Denham Town residents not comforted by ZOSO extension

April 12, 2018
Soldiers patrol the streets of Denham Town which has been a zone of special operations.

Some Denham Town residents yesterday said they are not comforted by the extension of the Zones of Special Operations (ZOSO).

Parliament yesterday approved the extension of the ZOSO in Mount Salem, St James; and in Kingston by a further 60 days.

"It naah guh mek a difference. All when dem deh yah shot still a fire. A just the other day a little girl get dead," a female resident said.

"It get really bad now because woman and children a get involved," she added.

Prime Minister Andrew Holness said the extended periods are necessary to enable transformation of the communities through intensified delivery of social services as well as giving the State the ability to continue to take back full control of the areas.

But another Denham Town resident insists that this has not been realised.

"We deh here and we still fraid, suh it nah guh mek a difference. ZOSO naah do nuttin because shooting a gwaan and killing a gwaan," the woman said.

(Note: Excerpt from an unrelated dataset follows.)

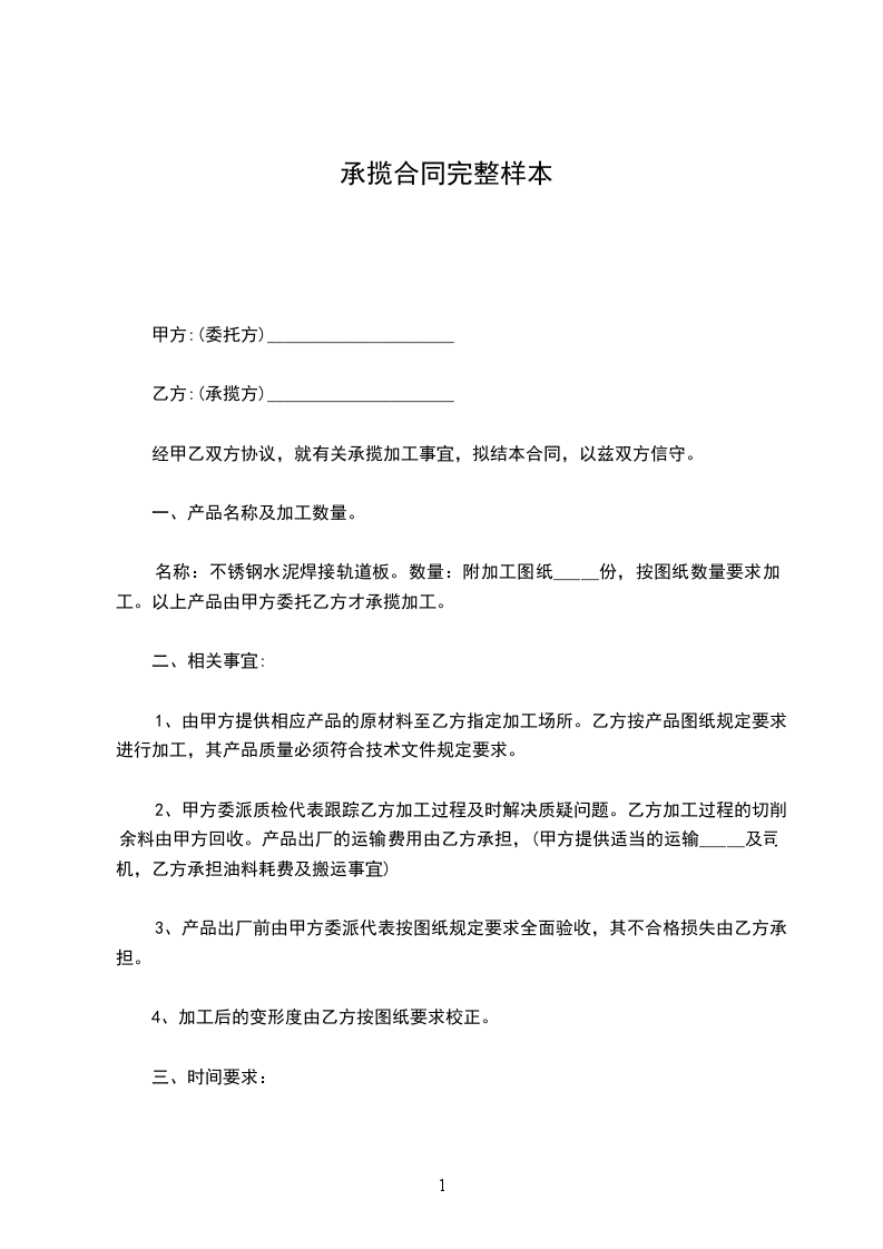 名称:不锈钢水泥焊接轨道板。数量:附加工图纸_____份,按图纸数量要求加工。以上产品由甲方委托乙方才承揽加工。

This will be the fourth extension for the Mount Salem zone, while it will be the third for Denham Town.

"We need to assure the residents that during this period and moving forward, the joint forces will continue to provide an effective presence to prevent the return of criminals and their influence," Holness said.

 

Secure environment

 

"The Mount Salem zone continues to be secured by members of the joint force. The operational objective is to continue to provide a secure environment for the roll-out of the social-intervention activities. There have been no reports of major crimes in Mount Salem, no report of abuse by the security forces, and the residents continue to cooperate with the security forces," he pointed out.

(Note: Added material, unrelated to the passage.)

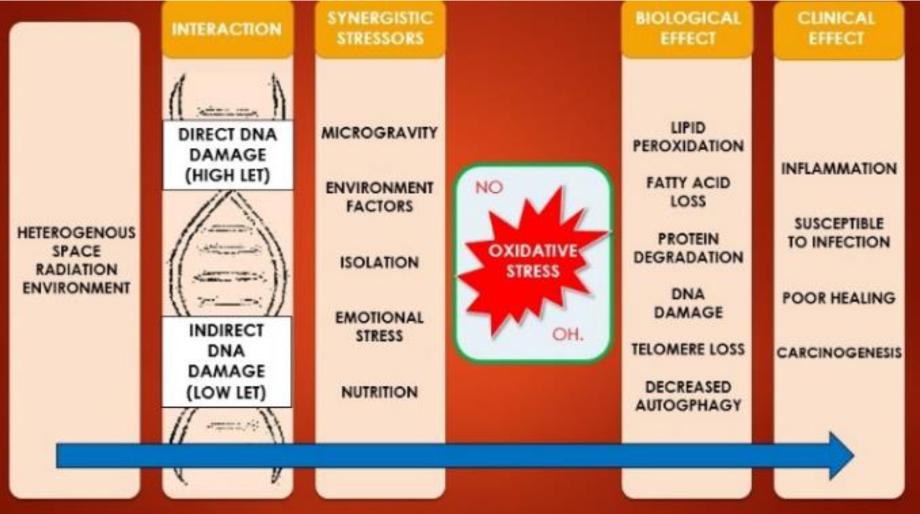 Synergistic factors exist in space that may increase damage caused by radiation. The addition of microgravity, environmental factors, isolation, emotional stress and nutrition may lead to increase cellular oxidative stress. For astronauts, this may result in inflammation, susceptibility to infection, poor healing and carcinogenesis. (Figure 1). Reactivation of Epstein-Barr, Varicella-Zoster and cytomegalovirus has been demonstrated in astronauts during short space flight being attributed to changes in immune state (11). Emotional stress on-board long confined space flights may play a role in cellular response to cosmic radiation. Increased DNA damage in peripheral blood lymphocytes has been observed following gamma irradiation in psychologically stressed subjects compared with control subjects (12)

Prime Minister Holness noted that before the establishment of the ZOSOs, Mount Salem and Denham Town were experiencing rampant criminality.

He said there was a breakdown in the rule of law and lack of control by the State, but, most importantly, the residents were perpetually fearful for their lives.

"Today, I can unequivocally report that this has changed. Crime has been significantly reduced and the residents have been enjoying some level of peace in their community," Holness said.